CHARLESTON, W.Va. — Former President Bill Clinton, in a keynote address to West Virginia Democrats on Friday night, touched on background checks for gun owners in the wake of the Oregon community college mass shooting.

“Those of us who grew up in hunting country—and who believe the 2nd Amendment guarantees everybody the right to keep a gun to go hunting, to sports shoot and to protect themselves and their families—most of us think it’s crazy that we don’t do background checks,” Clinton said.

About 2,000 came to Charleston Civic Center for Friday night’s fundraiser headlined by Bill Clinton.

Ticket sales for the party’s Jefferson-Jackson fundraising dinner spiked upon news of Clinton’s appearance. About 2,000 people packed into the Charleston Civic Center. The speech followed a rousing introduction from U.S. Sen. Joe Manchin, who called Clinton “the best president we’ve ever had.”

Clinton was the last Democrat presidential candidate to carry the Mountain State in an election, which he did twice.

“I love West Virginia,” he said. “I thought for several years I was moving here. You voted for me in 1992 and 1996. You haven’t voted Democrat since; I want to change that.”

After recent Republican debates drew large audiences in prime time, Clinton thought both events involved too much mudslinging. He drew laughs when he said: “I watched all five hours of those two Republican presidential debates. I thought, I don’t belong here. I’m not mad at anybody.”

Clinton briefly touched on the desperate state of the coal industry.

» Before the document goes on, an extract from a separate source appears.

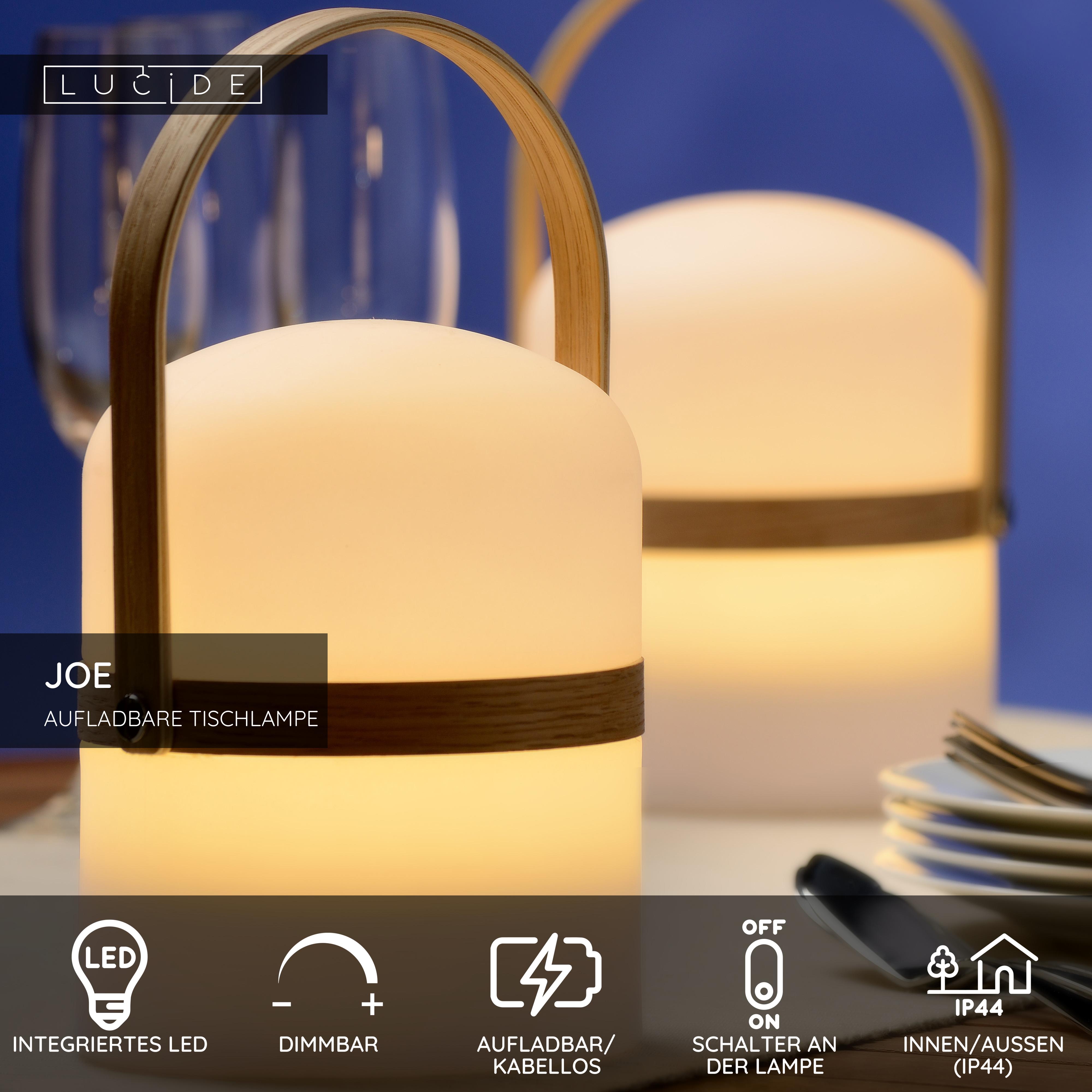 Lucide JOE - wiederaufladbare Tischlampe Innen/Außen - Akku/Batterie - Ø 14,5 cm - LED Dim. - 1x3W 3000K - IP44 - Weiß

“I can’t resolve all the coal issues, but I’ll tell you something else that should be done,” he said. “Whatever happens, we know coal employment in America peaked in 1920. Production peaked in 1950. We know that at some pace or another, there is a trend underway that cannot be reversed. Nobody has a right to claim anybody’s life over it.”

Gov. Earl Ray Tomblin also gave a speech before Clinton, criticizing state Republicans for wanting to get rid of prevailing wage and teaching standards since taking control of the legislature in January.

Clinton expressed optimism for the future of America.

“There’s no country in the world better positioned than we are for the future,” he said. “We’ve got a diverse workforce. We’ve got people here from every place on earth. We have the ability to support ourselves with energy. We have technology and great universities.”